To burn the bootloader, you'll need to buy an AVR-ISP (in-system programmer) or build a ParallelProgrammer. The programmer should be connected to the ICSP pins (the 2 by 3 pin header) - make sure you plug it in the right way. The board must be powered by an external power supply or the USB port.

Then, just launch the "Burn Bootloader" (for AVR-ISP) or "Burn Bootloader Parallel" command from the Tools menu of the Arduino environment. Burning the bootloader may take 15 seconds or more, so be patient.

It still doesn't work! (parallel programmer on Windows XP)
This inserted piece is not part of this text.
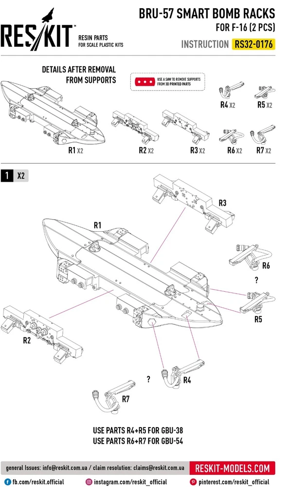 BRU-57 Smart Bomb Racks for F-16 (2 pcs) (3D Printed) Scale 1:32 ResKit RS32-0176 - for Plastic Model Kit Scale: 1/32 Manufacturer: RESKIT (Accessories for Scale Plastic Kits) Country/Region of Manufacture : Ukraine Features: Kit Condition : New in Box Type of equipment : Aircraft Type of product: PYLONS / BOMB RACKS Recommended kit: Any Category: RESIN & 3D ACCESSORIES For Scale Aircraft Model Kit ---------------------------- If you have a desire to procure a GREATER NUMBER OF ITEMS THAN WHAT IS CURRENTLY DISPLAYED, kindly let us know, and we will happily modify our offerings to suit YOUR EXACT QUANTITY NEEDS. ---------------------------- >>> Visit our eBay store! <<< You will find everything you need at great prices. Reskit: The Ultimate Upgrade for Your Scale Models Reskit is the leading provider of upgrade sets for scale models, offering a wide range of products to enhance the realism and detail of your models. Our sets include everything from engines and interiors to exterior accessories and weapons. Whether you're a beginner or a seasoned modeler, Reskit has the upgrade sets you need to take your models to the next level. Here are just a few of the benefits of using Reskit upgrade sets: Increased realism and detail: Our sets are made with high-quality materials and components that will add a touch of authenticity to your models. Improved performance: Our sets can help improve the performance of your models, making them more realistic and engaging. Reskit upgrade sets are the perfect way to add realism, detail, and performance to your scale models. With our wide range of products, you can find the perfect upgrade set to transform your models into showpieces.
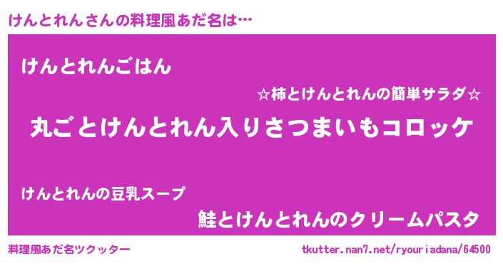 | 意味不明あだ名 | 『住所不定無職けんとれん(14歳)』 |

Windows XP may be polling your parallel port and disrupting the bootloader burning process. You'll need this registry patch:

 
[HKEY_LOCAL_MACHINE\SYSTEM\ControlSet001\Services\Parport\Parameters]
"DisableWarmPoll"=dword:00000001

See this forum thread for details.

Note for older boards.

Newer versions of the bootloader communicate with the computer at 19200 baud; older versions use 9600 baud. In order to successfully upload programs to the board, this rate needs to match the serial.download_rate in your preferences.txt file (which defaults to 19200). See the FAQ? for instructions on changing it.

How does it work?

A precompiled bootloader (.hex file) comes with the Arduino environment; it communicates at 19200 baud (but see the note for older boards above). The "Burn Bootloader" commands in the Arduino environment use an open-source tool, uisp. There are four steps (each a separate call to uisp): unlocking the bootloader section of the chip, setting the the fuses on the chip, uploading the bootloader code to the chip, and locking the bootloader section of the chip. These are controlled by a number of preferences in the Arduino preferences file:

  • bootloader.programmer (default value: stk500) is the protocal used by the bootloader.

  • bootloader.unlock_bits (default value: 0xFF) is the value to write to the ATmega8 lock byte to unlock the bootloader section.

  • bootloader.high_fuses (default value for an ATmega8 on an Arduino board: 0xca) is the value to write to the high byte of the ATmega8 fuses.

  • bootloader.low_fuses (default value for an ATmega8 on an Arduino board: 0xdf) is the value to write to the low byte of the ATmega8 fuses.

  • bootloader.path (default value: bootloader) is the path (relative to the Arduino application directory) containing the precompiled bootloader.

  • bootloader.file (default value: ATmegaBOOT.hex) is the name of the file containing the precompiled bootloader code (in bootloader.path).

  • bootloader.lock_bits (default value: 0xCF) is the value to write to the ATmega8 lock byte to lock the bootloader section (so it doesn't get accidently overwritten when you upload a sketch).

Source Code

The bootloader source code is available.

For historical reasons we maintain the following link, that will give you access to the release of the bootloader's source code we used in the first prototype we made, it is including two batch files to do the compilation and download of it under windows.